Democratic Progressive Party (DPP) Chairperson Tsai Ing-wen (蔡英文) yesterday sent all the proposals in the national party congress regarding the DPP’s China policy, including the widely discussed freezing of its Taiwan independence clause, to the party’s Central Executive Committee without discussion, defusing potential tension surrounding the issue despite drawing criticism from party members.
Citing time constraints, Tsai, who presided over the meeting, proposed to send the initiatives to the committee because there was “not enough time left for a thorough discussion over the much-disputed and important issue regarding changing the party charter.”
Only about 20 minutes were left in the scheduled 60-minute meeting before the party representatives were set to take hours voting for the new members of the committee and the Central Standing Committee, the DPP’s decisionmaking bodies.
Photo: Liao Chen-huei, Taipei Times
Several members briefly protested Tsai’s move and voiced their displeasure, despite the majority of the hundreds of representatives applauding to show their agreement with Tsai’s decision.
“If the Central Executive Committee decides that a wide range of discussion and opinion-gathering is necessary, we don’t rule out organizing an extraordinary party congress,” Tsai added.
Among the dozen items on the meeting’s agenda, the proposals related to the Taiwan independence clause in the party charter and its China policy were the focal point of the congress, as the dispute over the proposal has been going on for months and members with different ideologies challenged each other with their initiatives.

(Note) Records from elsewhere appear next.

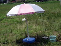 2013.6.24 ももちゃんが日焼けしてしまうので、桃色のパラソルを置きました。が、関係なく向こうの方の原っぱで反すう中です。 |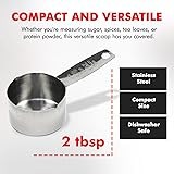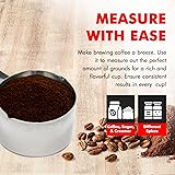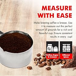 Durable and attractive stainless steel construction for longevity As with any other standard coffee measure, put one scoop in for every cup of water to make a perfect cup of coffee. Adjust per individual taste. Short and maneuverable handle fits into your bag or bin of coffee easily Other uses include measuring sugar, spices, tea, pet food and more Dishwasher safe for easy cleaning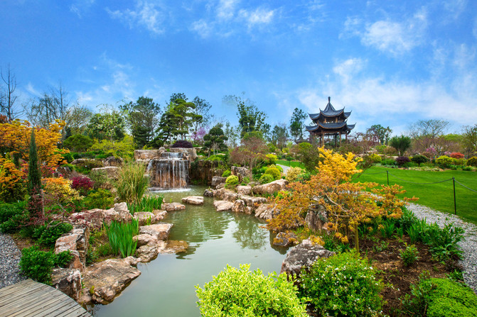 Al llegar al Jardín Sanye Menghua, vi el paisaje del jardín exquisitamente esculpido, esparcido. Begonia, magnolia, flores de cerezo, rosas, flores de primavera en el jardín. Aquí se reúne la esencia de los jardines famosos de 15 países de todo el mundo, cuidadosamente creado en un "jardín de Bucharest" de China.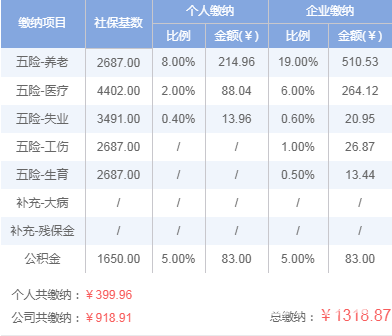 单位五险一金最低缴费金=510.53+264.12+264.12+20.95+26.87+13.44+83=918.91元。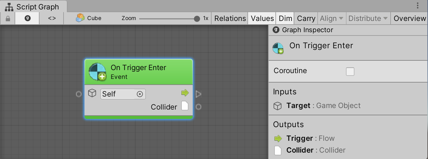 The value outputs on events are arguments that are passed from the event, giving you more information about what actually happened. For example, on the On Trigger Enter event, the other collider that is involved in the collision is an output.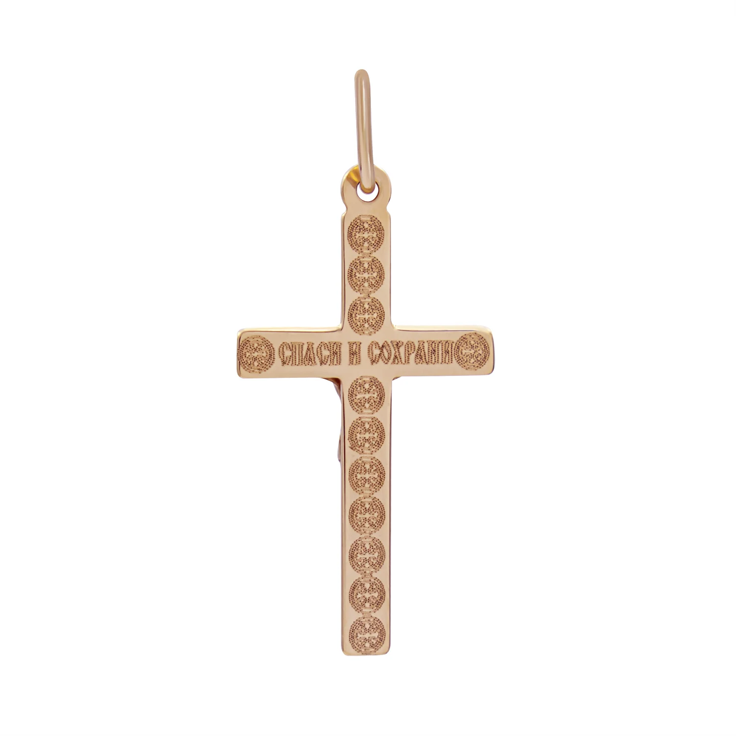 Изысканный православный нательный крестик с распятием выполнен из красного золота 585 пробы. Его нежное сияние будет по душе как мужчинам, так и женщинам. Крестик также можно купить ребенку на крещение или в качестве подарка. Правильная геометрическая форма изделия делает его лаконичным и уместным для любителей разных стилевых решений. Крестик украшен узорами, расположенными над руками, головой и у ног Христа. На обратной стороне сделана надпись «Спаси и сохрани», а также религиозные символические узоры по всей длине. Кольцо-подвесное ушко – максимально надежное.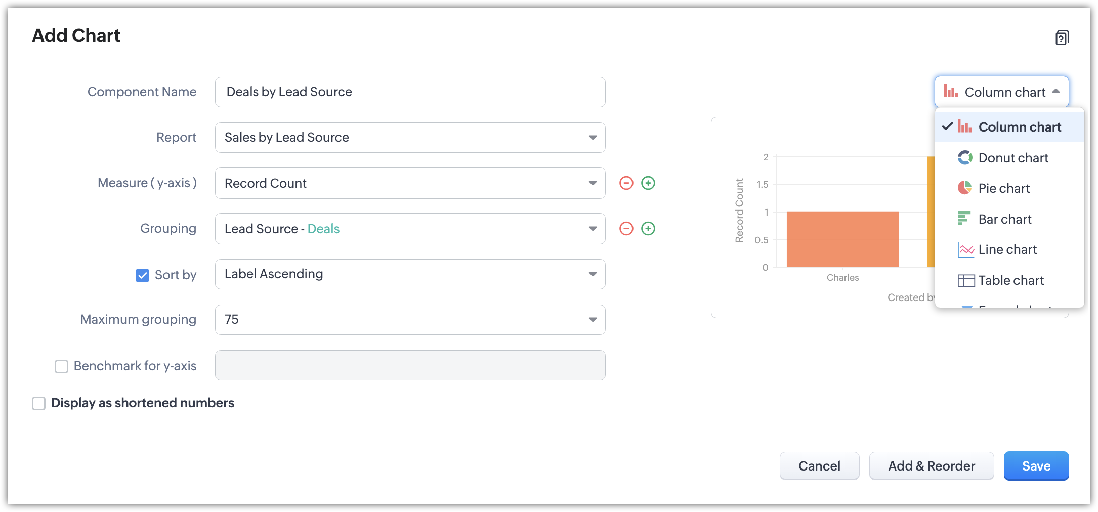 当所选分组为选择列表或数字字段时,此选项可用。了解更多。 - 点击更多选项以选择排序方式、最大分组、y 轴基准以及以缩短的数字显示。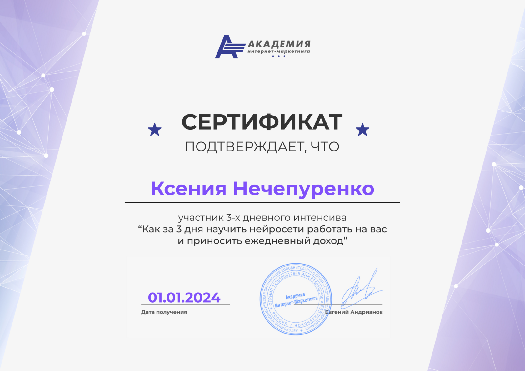ПЕРСОНАЛЬНАЯ ДИАГНОСТИКА по получению первого дохода на нейросетях*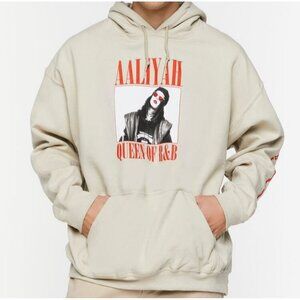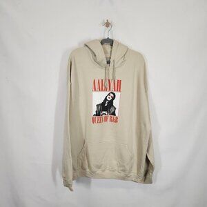 A knit hoodie featuring front "Aaliyah Queen Of R&B" text and matching graphic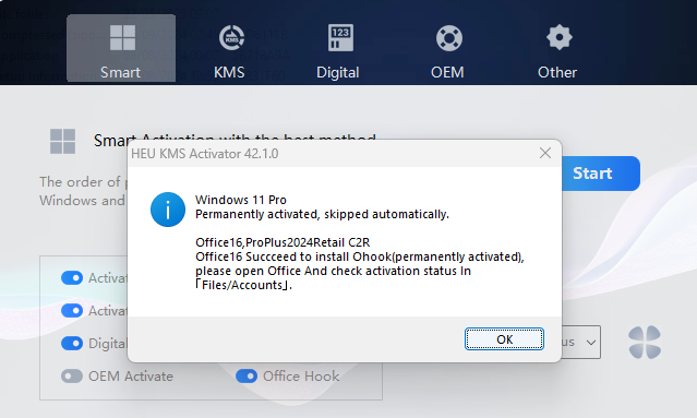 Tại giao diện phần mềm, nhấn nút Start để bắt đầu quá trình kích hoạt tự động.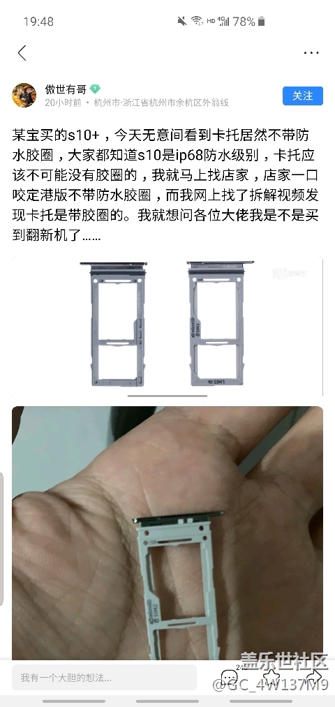 帖子標(biāo)題: 貼吧吧友某寶買(mǎi)港版s10+竟然沒(méi)有防水膠圈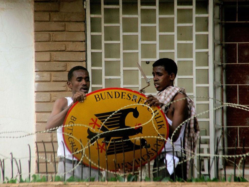 The German mission was attacked when up to five thousand protesters gathered in the Sudanese capital to express their outrage over the California-made film, although, aside from the general anti-Western sentiment, it is unclear why European interests were attacked. Part of the compound was torched, while some protesters clambered on to the roof and replaced Germany's colours with a black shahada flag, the banner sometimes flown by religious conservatives, which carries the Muslim declaration of faith.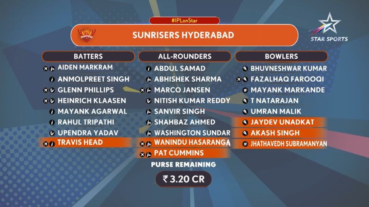 Assessing their performance at the auction, their acquisitions on Tuesday have created a pleasant predicament concerning their four overseas slots. However, the team lacks a robust leadership core, despite the addition of Australia's ODI World Cup-winning captain Pat Cummins, secured with a substantial bid of Rs 20.5 crore. Cummins joins the existing leadership group comprising Aiden Markram, Bhuvneshwar Kumar, and Mayank Agarwal. The addition of Travis Head aims to address their struggles in the initial phases of matches, while the inclusion of Wanindu Hasaranga stands out as an exceptional and economical deal. As they head into the 2024 season, SRH boasts an almost complete XI to rely upon.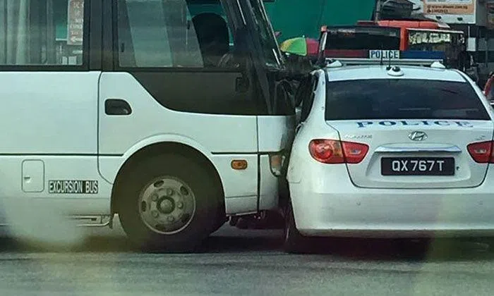 In a photo of the accident's aftermath posted on Singapore Taxi Driver, the front of white minibus can be seen touching or 'kissing' if you will, the left side of the police car.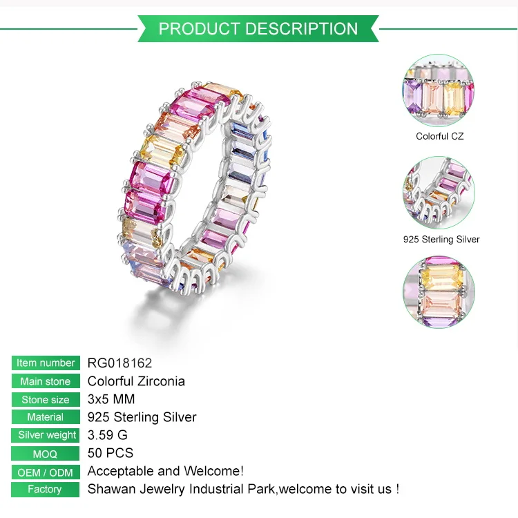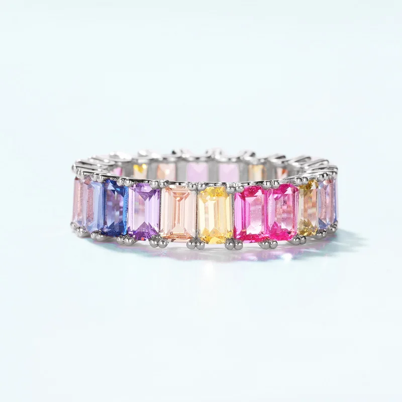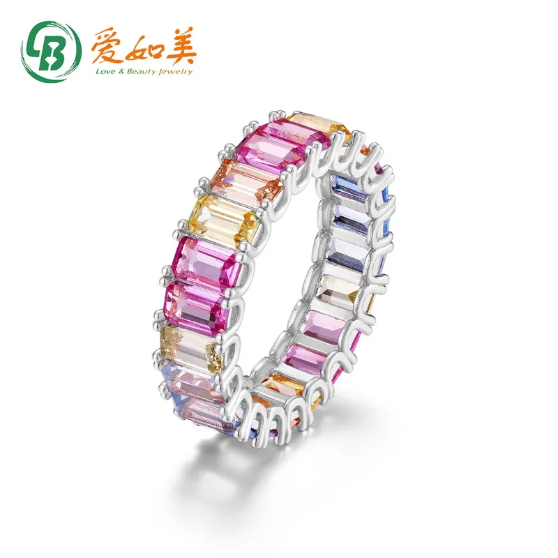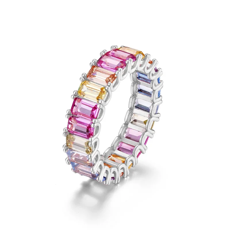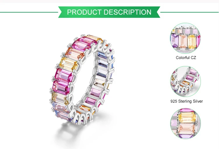Silver Jewelry 925 Baguette Band Engagement Rainbow Wedding Ring CZ Crystal Rings

The contentious items included a proposal to freeze the independence clause — which calls for the establishment of a republic of Taiwan — to boost the party’s chance of returning to power; a proposal that called for the next presidential candidate to submit an “independence timetable” and a proposed “resolution on development across the Taiwan Strait” to help the nation join international organizations.
DPP Legislator Chen Ting-fei (陳亭妃) also launched a motion — seen as a retaliation to the “freezing independence clause” proposal — that called for the implementation of the DPP’s 2007 resolution on making Taiwan a normal country. The initiative was also sent to the Central Executive Committee.
In response to reporters’ questions after the meeting, Tsai insisted that her decision was appropriate, saying that the DPP charter had been amended eight times since its founding in 1986 and not once had the charter been amended without comprehensive discussions.
Almost all DPP heavyweights saw freezing the clause as unnecessary, with Greater Tainan Mayor William Lai (賴清德) saying before the meeting that “whether or not [freezing the independence charter] would shorten the DPP’s ‘last mile’ of returning to power should be carefully examined.”
Former party chairman Su Tseng-chang (蘇貞昌) and former premier Yu Shyi-kun opposed the proposal. Yu said it would be “impossible” for the proposal to be passed because Taiwanese independence was one of the DPP’s core values.
The national congress was the first gathering of party representatives across the nation since Tsai assumed the party’s helm in May.
In her opening remarks, Tsai said Taiwanese “have had enough” of President Ma Ying-jeou’s (馬英九) administration, as he has wasted the past six years on political infighting and the pursuit of his presidential legacy by bringing Taiwan closer to China without regard for the consequences.